-- DATA FOR THIS TASK --

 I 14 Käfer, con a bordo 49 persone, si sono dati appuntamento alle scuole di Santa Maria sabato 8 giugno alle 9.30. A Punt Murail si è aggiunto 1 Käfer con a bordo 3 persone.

--

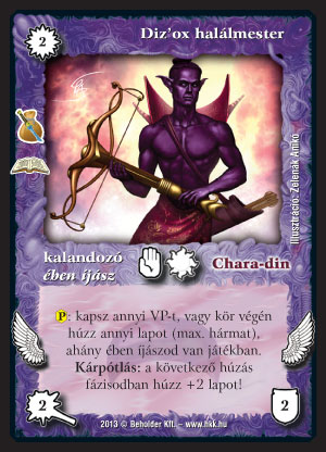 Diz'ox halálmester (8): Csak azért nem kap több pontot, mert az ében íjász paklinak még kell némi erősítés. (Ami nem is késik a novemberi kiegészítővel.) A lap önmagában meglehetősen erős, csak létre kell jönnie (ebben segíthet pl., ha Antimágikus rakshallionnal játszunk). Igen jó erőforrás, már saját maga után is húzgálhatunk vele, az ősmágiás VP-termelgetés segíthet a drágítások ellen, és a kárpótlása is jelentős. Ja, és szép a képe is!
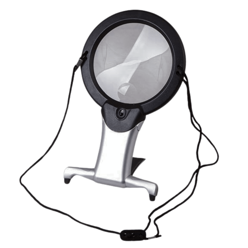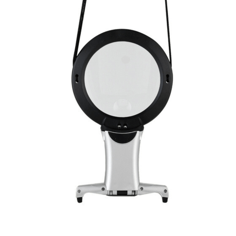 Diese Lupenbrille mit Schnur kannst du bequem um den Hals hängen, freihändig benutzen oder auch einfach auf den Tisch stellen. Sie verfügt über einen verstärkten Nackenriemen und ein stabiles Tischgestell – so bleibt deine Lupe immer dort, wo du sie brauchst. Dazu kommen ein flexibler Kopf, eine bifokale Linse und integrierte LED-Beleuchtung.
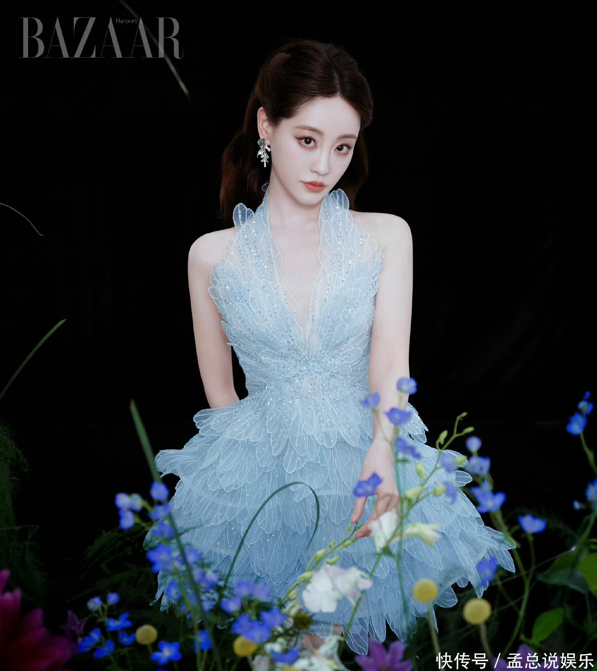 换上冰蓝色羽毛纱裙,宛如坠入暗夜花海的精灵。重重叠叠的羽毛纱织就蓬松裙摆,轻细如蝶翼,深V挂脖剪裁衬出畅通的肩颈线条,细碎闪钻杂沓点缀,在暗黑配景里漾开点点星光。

==

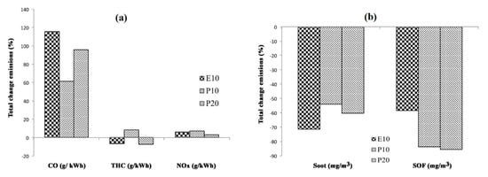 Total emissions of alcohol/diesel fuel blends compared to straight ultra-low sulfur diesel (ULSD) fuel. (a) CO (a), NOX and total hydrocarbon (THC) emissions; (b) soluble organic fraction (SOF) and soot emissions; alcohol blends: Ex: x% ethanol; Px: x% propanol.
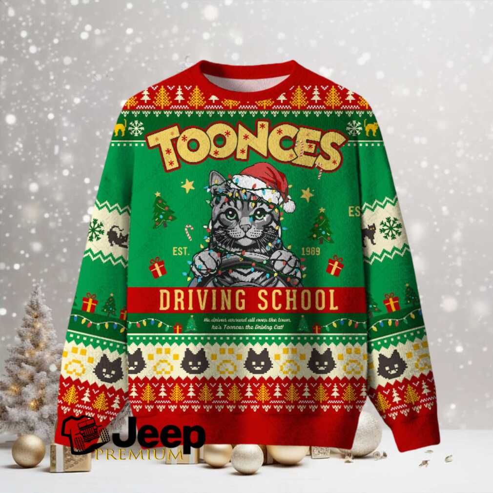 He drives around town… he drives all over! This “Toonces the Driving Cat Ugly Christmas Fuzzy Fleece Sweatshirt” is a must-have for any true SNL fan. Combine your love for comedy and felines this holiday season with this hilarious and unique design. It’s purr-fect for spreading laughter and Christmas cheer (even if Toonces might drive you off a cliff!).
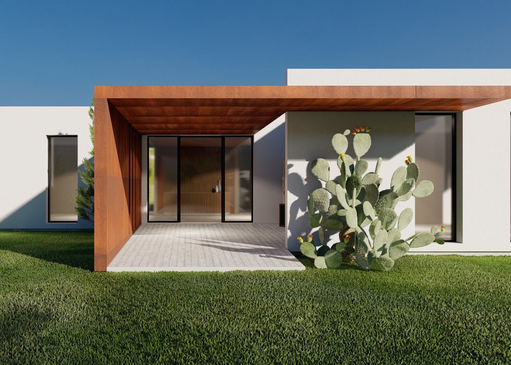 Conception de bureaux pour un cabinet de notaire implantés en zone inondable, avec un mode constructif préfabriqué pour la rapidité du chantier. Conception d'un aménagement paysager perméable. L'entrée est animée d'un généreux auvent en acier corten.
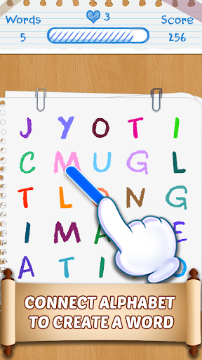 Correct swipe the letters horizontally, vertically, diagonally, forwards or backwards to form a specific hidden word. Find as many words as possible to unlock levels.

-- INSTRUCTIONS TO FOLLOW --
Your answer should consist of the lines above between those holding "He drives around" and "Correct swipe the", inclusive, reproduced word for word and without pictures.

-- ANSWER BOX --
 He drives around town… he drives all over! This “Toonces the Driving Cat Ugly Christmas Fuzzy Fleece Sweatshirt” is a must-have for any true SNL fan. Combine your love for comedy and felines this holiday season with this hilarious and unique design. It’s purr-fect for spreading laughter and Christmas cheer (even if Toonces might drive you off a cliff!).
 Conception de bureaux pour un cabinet de notaire implantés en zone inondable, avec un mode constructif préfabriqué pour la rapidité du chantier. Conception d'un aménagement paysager perméable. L'entrée est animée d'un généreux auvent en acier corten.
 Correct swipe the letters horizontally, vertically, diagonally, forwards or backwards to form a specific hidden word. Find as many words as possible to unlock levels.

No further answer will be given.